If you are a parent or going to be a parent, then it is obvious that you want your kids to have the best of everything. So, you need to plan for your child’s education if you want your kids to get the education of their dreams.
Mutual funds can be a great investment tool to help you plan for your child’s future. You may want them to become familiar with investments from a very tender age and let them manage money when they go to college.
However, your kids can’t invest in mutual funds before they turn 18. But, the minor's legal guardian or parent can make investments on their behalf. You need to know that a minor's mutual fund investment cannot be held jointly. Your child’s name should be on the account.
When your child is young to make the right financial decisions, you can invest in a mutual fund as a parent or a guardian on your minor’s behalf. You can make a one-time lump sum investment or set up systematic investment plans to help you plan for your child's future.
Documents required to invest in a mutual fund on behalf of our children
The first document that you will need is a birth certificate for the passport that is issued by the government to verify the child's age and date of birth. If you are a parent, your name on one of the documents is enough.

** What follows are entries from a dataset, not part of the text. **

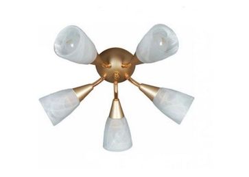 Мощность, Вт:60W, Тип цоколя:E14, Количество ламп, шт:5, Дополнительная информация:Серия Грация, Материал арматуры:Металл, Цвет арматуры:Золото матовое, Ширина (Диаметр), см:38, Высота, см:14, Площадь освещения, м.кв.:15, Материал плафона:Стекло, Цвет плафона:Белый None
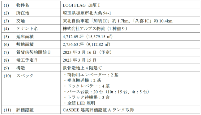 霞ヶ関キャピタル株式会社(本社:東京都千代田区、代表取締役:河本幸士郎、以下「当社」)は、当社が開発用地のソーシングおよび企画立案をおこない、アセットマネジメント業務を受託していた埼玉県加須市の物流施設開発プロジェクト『LOGI FLAG 加須I』において、株式会社アルプス物流(本社:神奈川県横浜市、代表取締役:臼居賢)にテナントが決定いたしました。なお、本日2023年3月15日に本施設の引き渡しを受け、竣工いたしましたこともあわせてお知らせいたします。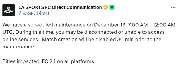 There is scheduled maintenance taking place right now. you might not be able to access online services while this is happening and they hope to have it wrapped up by noon today. Here is the Tweet/X post on it: EA SPORTS FC Direct Communication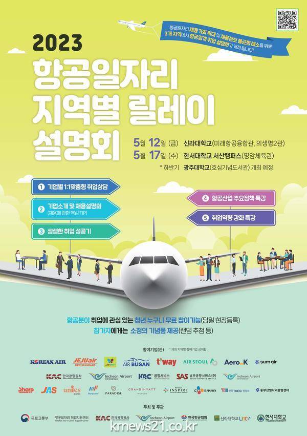 항공일자리 지역별 릴레이 설명회의 자세한 내용은 항공일자리 포털(www.air-works.kr, 1577-9731)에서 확인 가능하다.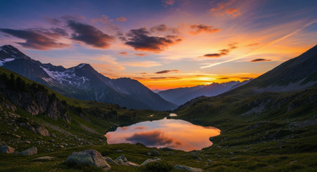 Serene mountain landscape at sunset with a tranquil lake reflecting the vibrant golden and purple sky. snow capped peaks and green slopes surround the calm water.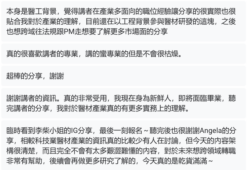 - 醫材資深從業人員,對產業與職涯發展已有明確方向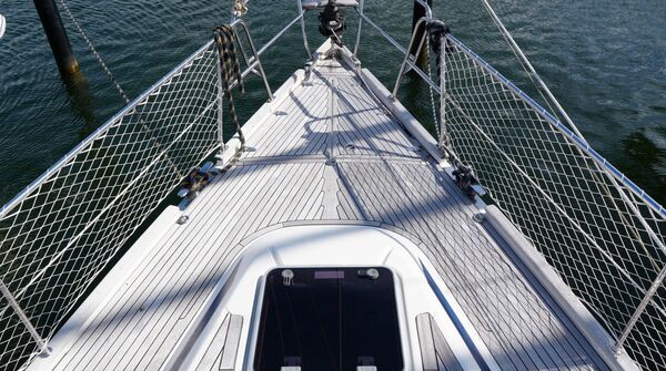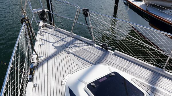 - Teakdeck auf Seitendecks, Vorschiff, Aufbaudach, Achterdeck, Badeplattform und im Cockpit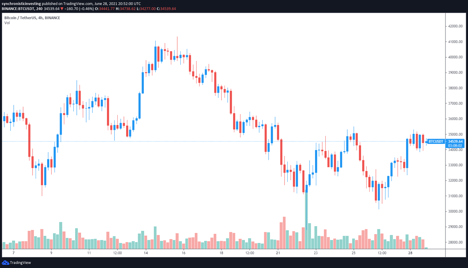 Data from Cointelegraph Markets Pro and TradingView since rallying to $35,400 on June 28, Bitcoin has traded in a range between $33,850 and $35,000 as the fallout from China’s crackdown on BTC mining continues to reverberate across the market.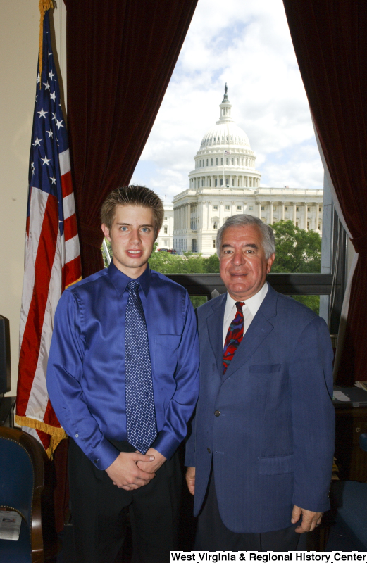 - Congressman Rahall stands in his Washington office with a young man wearing a blue shirt.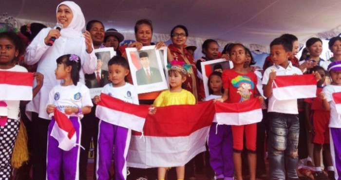 Menteri Sosial Khofifah Indar Parawansa bersama anak-anak pada acara peringatan Hari Anak Nasional 2015, di Lapangan Upacara Gunung Merah kompleks Kantor Bupati Jayapura (santrinews.com/ist)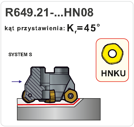Nástrčná fréza R649.21-050HN08 pravotočivá s průměrem pracovní části 50 mm. Čelní fréza k=45° (D podle normy). Do frézy se upínají destičky typu HPKT - šestiúhelníkového tvaru, způsob upínání destiček S - šroubem v kuželovém otvoru. Typ uchycení fréz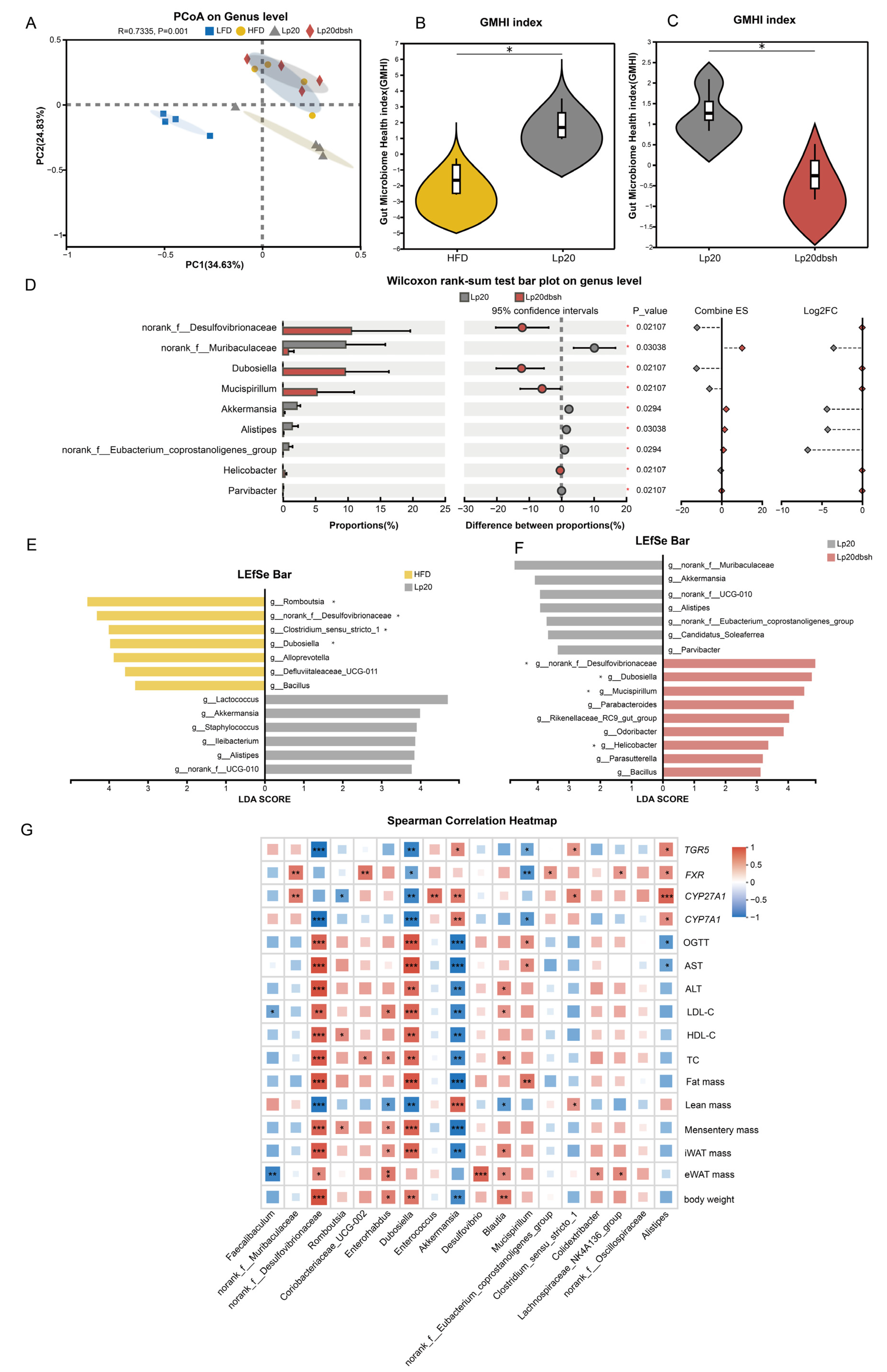 Chicago/Turabian StyleBai, Xiaoyue, Fangzhou Lu, Yizhi Jing, Hui Wang, Haidong Qian, Ming Zhang, Zhengyuan Zhai, and Yanling Hao. 2025. "Lactiplantibacillus plantarum Lp20 Alleviates High Fat Diet-Induced Obesity in Mice via Its Bile Salt Hydrolase Activity" Nutrients 17, no. 22: 3555. https://doi.org/10.3390/nu17223555

What will happen when your child turns 18?
When your child turns 18, you will not be able to continue investing as a parent or a guardian on their behalf. The mutual fund house will send you a letter informing the situation and the steps to take so that your child can continue investing in the same mutual fund.
You also have to upgrade their savings account from minor to major status. the Same process needs to be repeated for the mutual fund account as well. Your kid can invest in the same folios when the fund house converts the account to an individual account.
Advantages of investing in a mutual fund in your minor's name
Become more committed: When you invest on your child's behalf, you are more likely to be committed to your child's financial needs. You will not be tempted to use the money that you are saving for your other purposes such as repaying your home loan or any other purpose. As a result, you will be disciplined and this, in turn, will help your child to achieve their higher education dreams.
Install good money habits when they are young: Having a separate mutual fund investment account under their name can help children become interested in saving and investment. They will also learn the benefits of saving and investing and the impact of every investment.
Nudging them to save the money that they receive from family elders during festivals and birthdays in the mutual fund will go a long way in helping them become financially savvy individuals.
You can save money on taxes by investing in your child's name. Any capital gains from mutual fund investments are taxable in your hands until the kid reaches the age of majority. But, after the child turns 18, any tax on capital gains will be taxed only in the child's hands. As your child may not have a large income, the tax incidence on your child will be much lower than if you had invested under your name.
The Drawbacks of Investing in Mutual Funds in the Name of a Minor
Additional paperwork: You'll need to change the single account holder's status from Minor to Major when your child reaches 18. Till the process is completed, the fund house will stop all transactions. So, a drawback of investing in mutual funds in your minor’s name is that you will need to fill out additional documentation.
Your child may not be financially mature at 18: When your child turns 18, the entire responsibility of managing the fund will fall on their shoulders. Moreover, they may not be mature to make the best decision with the accumulated corpus.
Investing in a mutual fund on your children's behalf can be a great method to invest in their future education. This will help kids learn the value of compounding and investing at a young age.
This blog is purely for educational purposes and not to be treated as personal advice. Mutual fund investments are subject to market risks, read all schemes related documents carefully.